224 Die blöde Jacke oder ich will nicht schreiben
Ich will nicht schreiben, aber meine
Jacke da am Kleiderhaken, mit dem angesteckten Frosch, hängt akkurat
und aufrecht an der Tür und schaut mich auffordernd an: „Na, was
ist?!“
Ganz ruhig und stur hängt sie da und
gibt nicht auf.
Wie immer, wenn man etwas Vertrautes,
etwas, mit dem man schon hunderte Male zu tun hatte, länger und
genauer anschaut, wird es einem zunehmend fremd. Ganz streng wirkt
sie. Tatsächlich, diese verdammte, fremdelnde Jacke fordert mich zum
Schreiben auf! Sie zwingt mich, mich ihr zu stellen und erlaubt mir
nicht, das Schreiben in einem Anfall von Gleichgültigkeit und
Selbstmitleid – ich bin ja so erschöpft – fallen zu lassen und
ein Bad zu nehmen. Sie hängt auf Konfrontationskurs. So etwas
Blödes!
Wahrhaftig, schön ist sie nicht.
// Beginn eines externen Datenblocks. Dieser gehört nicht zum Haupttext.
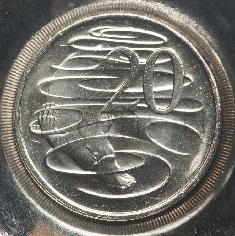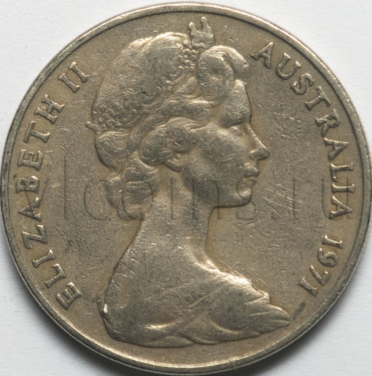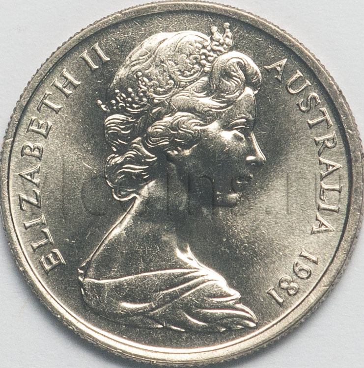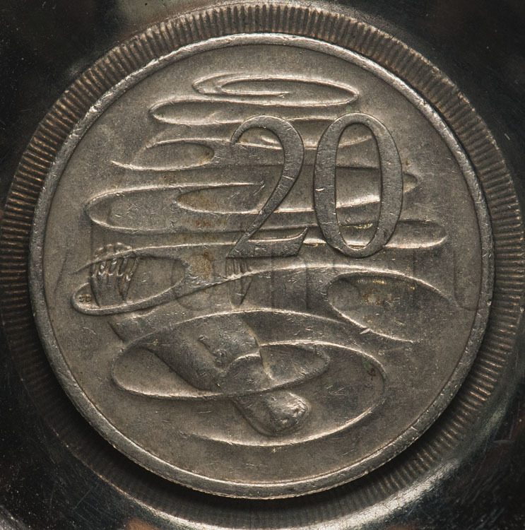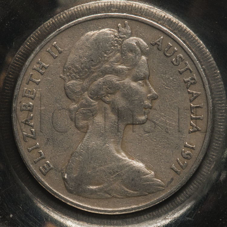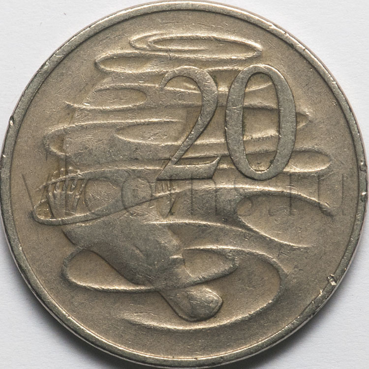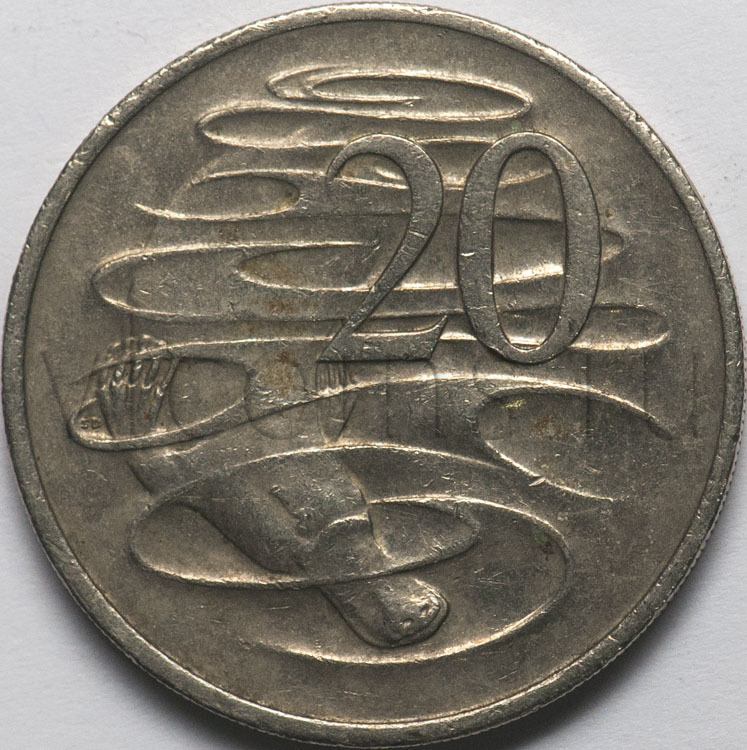 Австралия 20 центов 1966-1981 Утконос; молодая королева Елизавета II (VF-XF)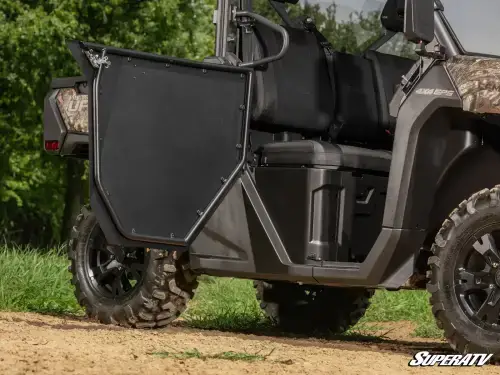 These doors aren’t a one-size-fits-all design—we made them just for the UForce, and you can tell. They’re the perfect height to block mud, rocks, and branches while still giving you a comfortable place to rest your arm. The bends give you more room for your legs so you don’t bang up your knees every time you hit a bump. And to make getting in and out easy, we use a simple automotive-style latch that’s usable with gloves.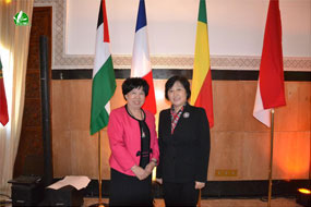 2014年初,全国妇联书记处书记张静率团赴摩洛哥参加国际妇女会议,图为张静书记与代表团成员,全国三八红旗手刘慕玲在大会上合影留念。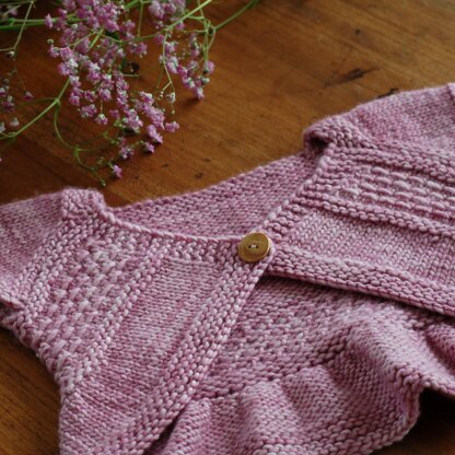 Adorable seamless shrug that knits up in no time and uses very little yarn… Features a fun and easy textured pattern. Both the heartwarmer style and the textured stitch made me think of the “entrechat,” a ballet jump where the legs cross each other mid-air in a flutter. This shrug is knit seamlessly from the top down to the armpits. The raglan cap sleeves are then bound off and the back stitches are worked together with stitches picked up along each front raglans to form the body in one piece.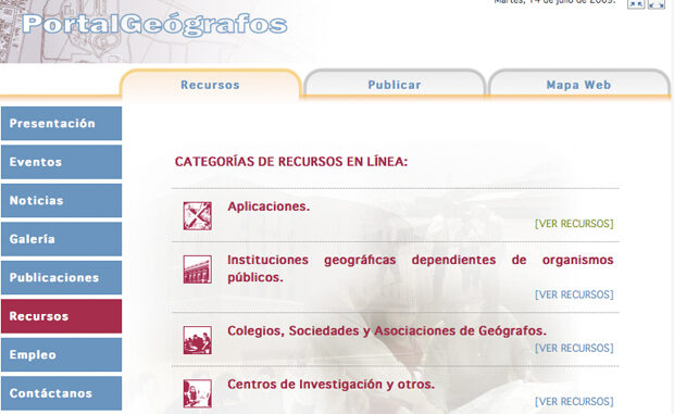 Portal Geógrafos – Este portal nace de la inquietud de un grupo de universitarios y profesionales de la Geografía ante la necesidad de crear un lugar de encuentro donde compartir la información que genera el desarrollo de nuestra actividad, tanto en el ámbito académico como en el profesional.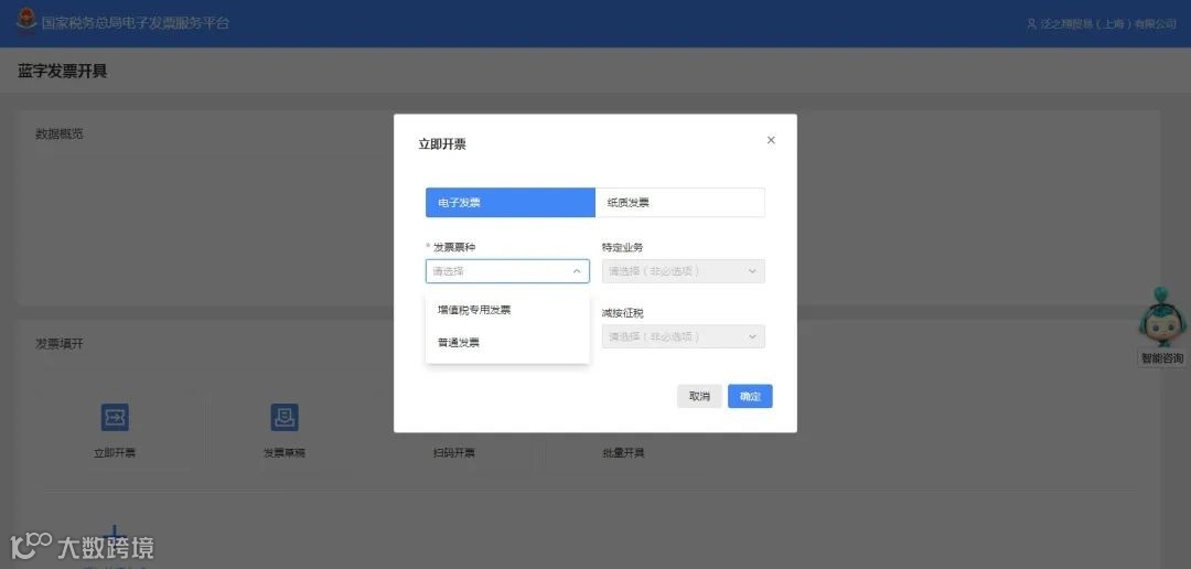 第四步:选择要开具发票的票种(电子发票/纸质发票),如您有差额征税等情况,请据实选择。设置后,点击【确定】。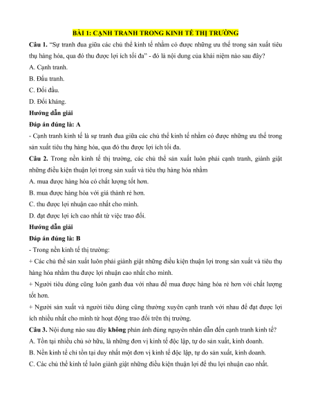 Câu 1. “Sự tranh đua giữa các chủ thể kinh tế nhằm có được những ưu thế trong sản xuất tiêu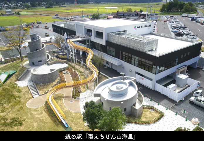 - 道の駅「南えちぜん山海里」【屋内外】:食べる!買う!だけではなく、ちびっ子連れの家族が1日中遊べる道の駅。ガラス面を登る「ミニボルダリング」や「ハイハイゾーン」などがあり、屋外につながるのロングすべり台が楽しい!また、夜の公園ではプロジェクションマッピングを上映することもあります。(無料)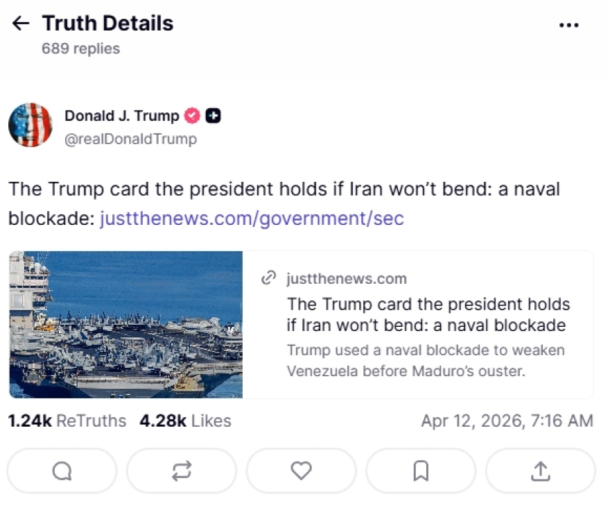 ετά το αδιέξοδο στις συνομιλίες ΗΠΑ–Ιράν στο Ισλαμαμπάντ, ο πρόεδρος των ΗΠΑ Ντόναλντ Τραμπ ανήρτησε στην πλατφόρμα Truth Social άρθρο στο οποίο γίνεται αναφορά στο ενδεχόμενο επιβολής ναυτικού αποκλεισμού στο Ιράν, εφόσον η Τεχεράνη δεν αποδεχθεί τις αμερικανικές απαιτήσεις.
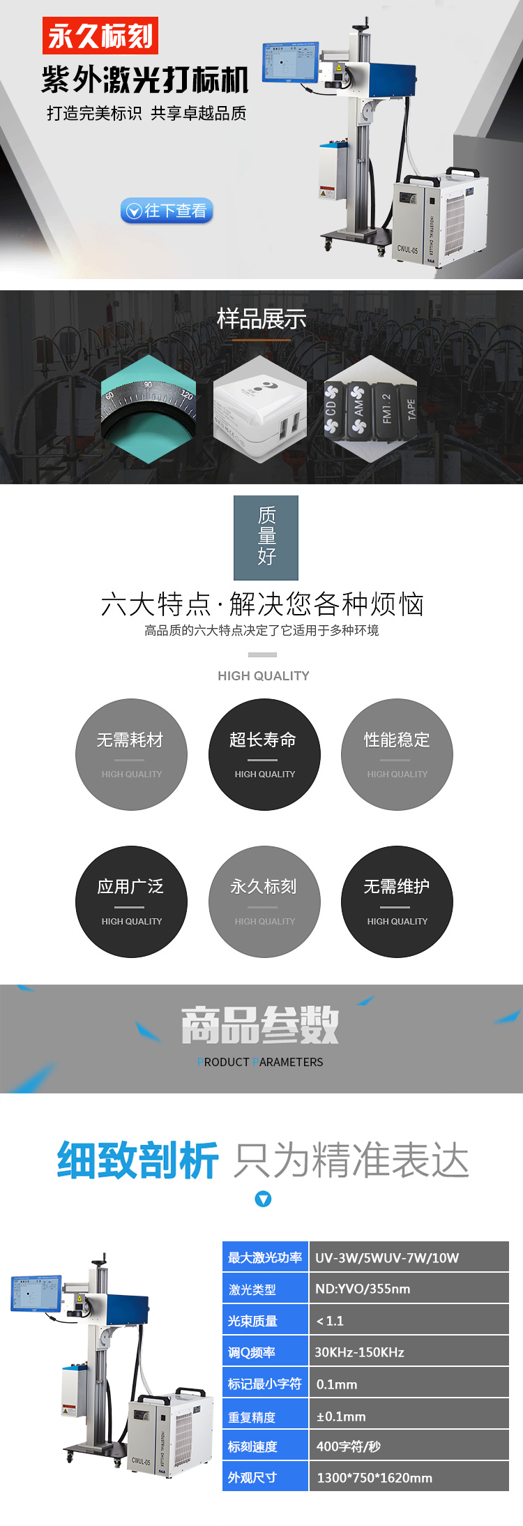 ① 光束质量好,更适用于精密、精细打标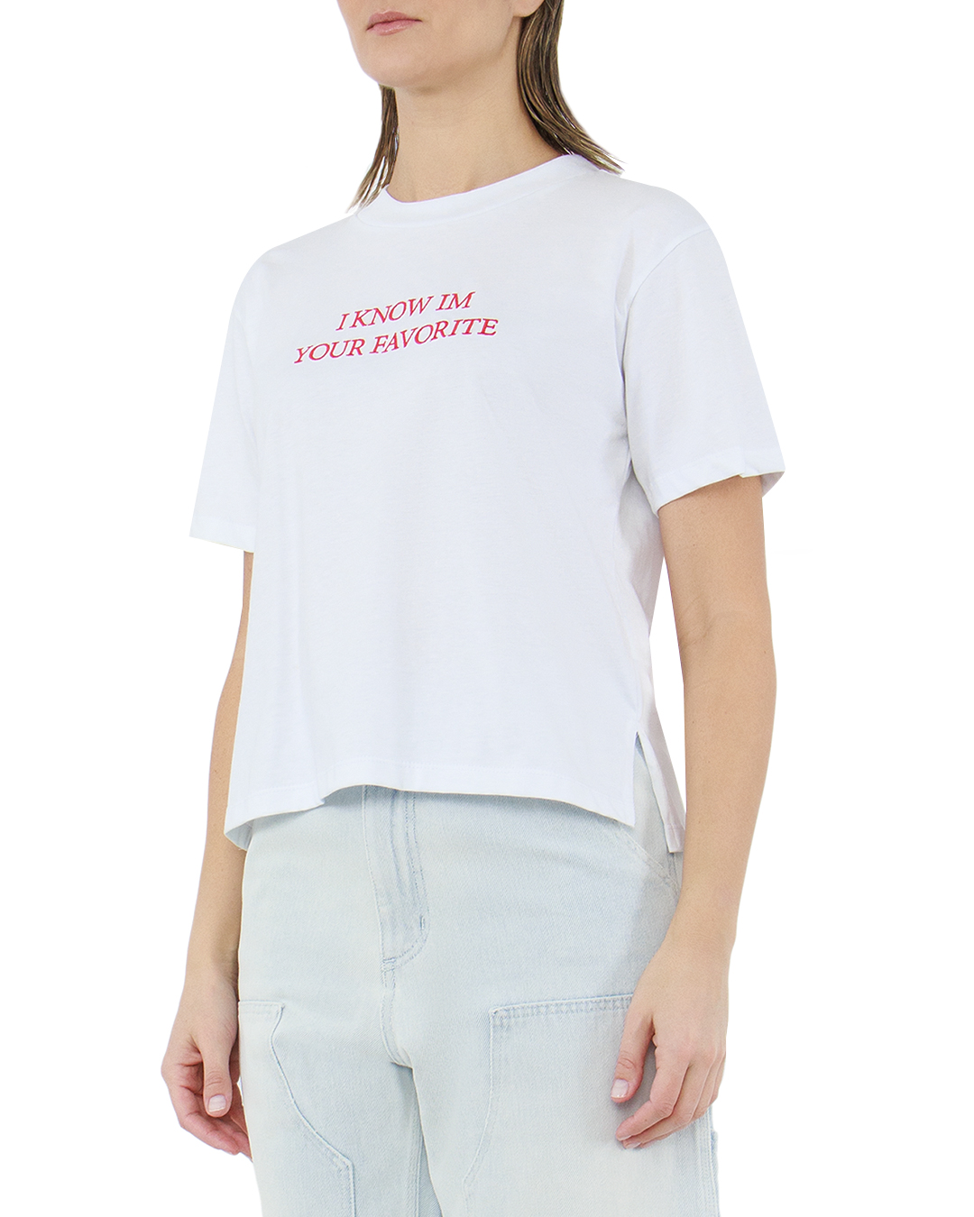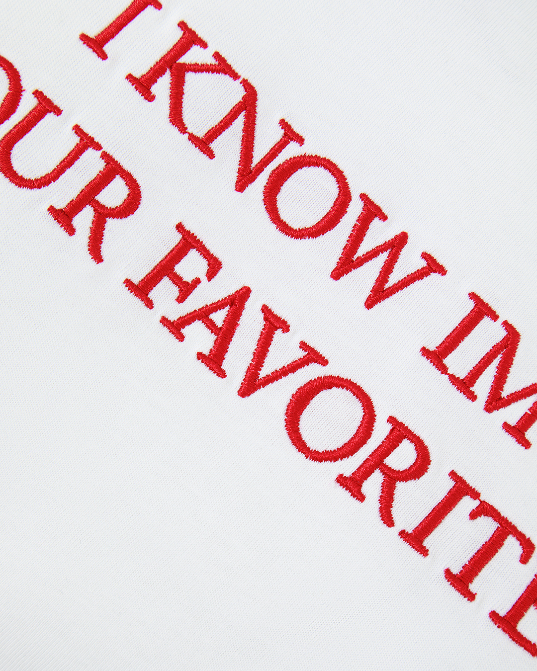 Эта футболка от JOSHUA'S излучает уверенность и харизму благодаря лаконичному дизайну и дерзкому акценту. Высококачественный хлопок обеспечивает мягкость и комфорт на протяжении всего дня, становясь основой для создания стильного и непринуждённого образа. Центральное место занимает выразительная надпись в ярко-красном оттенке — "I KNOW IM YOUR FAVORITE". Такая броская деталь говорит за себя, привнося игривость и нотку уверенного настроения. Контрастная вышивка чётко выделяется на белом фоне, создавая эффектный визуальный акцент. Футболка имеет традиционный круглый вырез и прямой крой, что делает её универсальной и подходящей для различных стилистических направлений. Аккуратные прострочки и усиленные края подчёркивают высочайшее качество изготовления, гарантируя долговечность и устойчивость к износу. Этот элемент гардероба легко интегрируется в любой стиль, от непринужденного кэжуала до более дерзких и экстравагантных нарядов, добавляя каплю дерзости и личной харизмы в ваш ежедневный образ.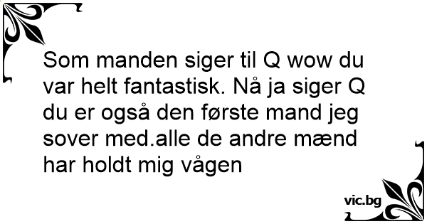 Som manden siger til Q wow du var helt fantastisk. Nå ja siger Q du er også den første mand jeg sover med.alle de andre mænd har holdt mig vågen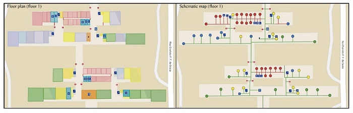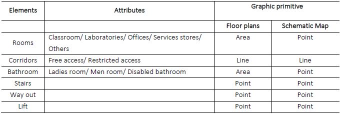 During data collection Points of Interest (POI) were defined. They were represented according to the Floor Plan and Schematic Map specifications. Table 1 shows the difference between the graphic primitives used in each map to represent the same feature.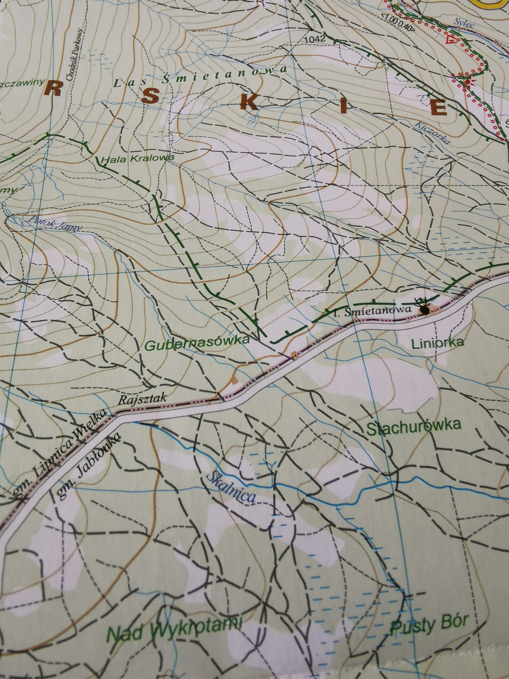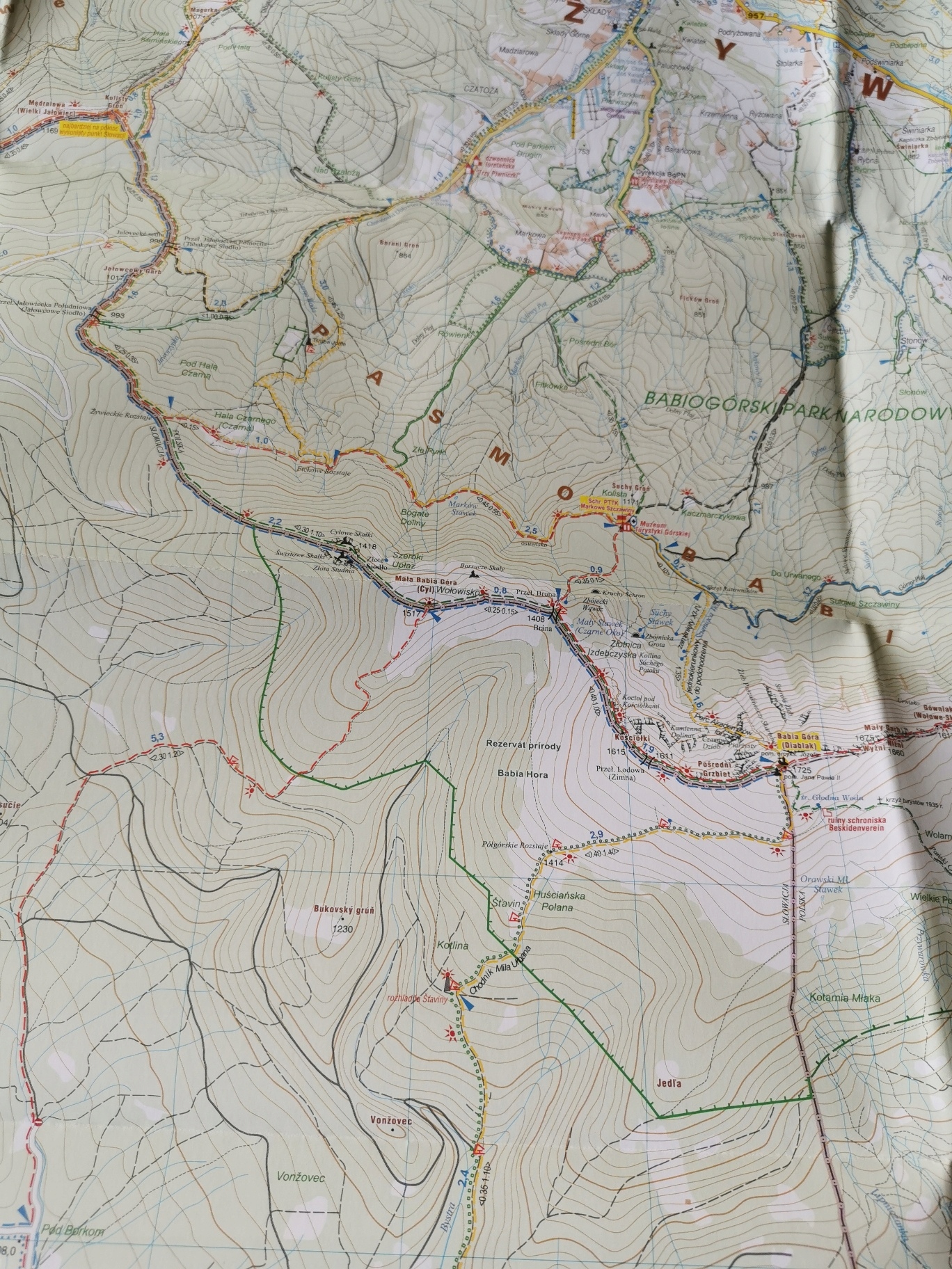 Карта охватывает восточную часть Живецкого хребта Бескид с массивом Бабья Гора и городами Завоя, Йорданов, Шпитковице, Зубжица-Гурна, Кошарава и польско-словацкой границей. На карте вы найдете все туристические достопримечательности, туристическую и спортивную инфраструктуру. Дополнительно были выделены наиболее интересные места. Содержит текущий маршрут пешеходных и велосипедных маршрутов, а также километраж и приблизительное время ходьбы.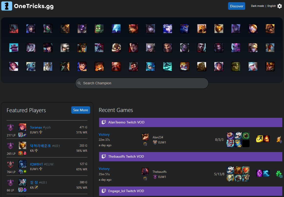 OneTricks.gg offers build and matchup information for each champion, derived from high elo one trick players. This allows players to get in-depth insights on what signature builds can be found among the best and what the general consensus on the best rune and itemization choices are.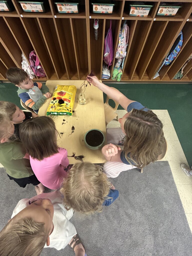 This week preschool has started their garden study. We talked about what kind of things a garden needs to be successful and potted our own plant!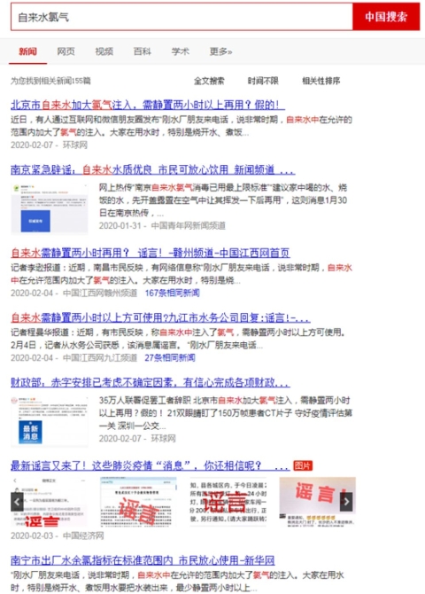 近日,不少群眾在微信群收到信息,稱“非常時(shí)期自來水加大了消毒劑氯氣的注入。在用水時(shí),特別是燒開水、煮飯用水要把水裝出來,最少靜置兩小時(shí)以上再用”。對(duì)此,中國搜索致電北京市自來水集團(tuán)熱線,證實(shí)此消息為謠言。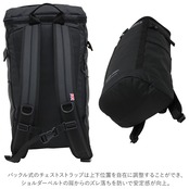 ・チェストストラップは上下位置を自在に調整することができ、ショルダーベルトの肩からのズレ落ちを防いで安定感が向上。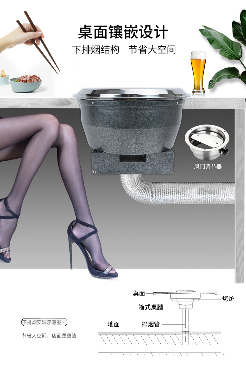 方形碳烤爐下排煙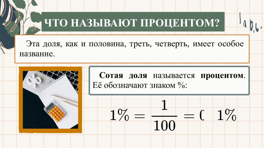 ЧТО НАЗЫВАЮТ ПРОЦЕНТОМ? Эта доля, как и половина, треть, четверть, имеет особое название. Сотая доля называется процентом. Её обозначают знаком %:

Sie hat wirklich etwas
Strenges, das nur durch den kindlichen Frosch, ein Geschenk meiner
Kinder aus ihrer Volksschulzeit, gemildert wird. Die Farbe und der
Schnitt erinnert an Militär. Das nächste Mal muß ich beim Einkauf
mehr auf die Farben achten.
Sie hängt an der Tür wie ein Wächter,
der mich nicht hinaus lassen darf. Bitte! Das gibt es doch nicht!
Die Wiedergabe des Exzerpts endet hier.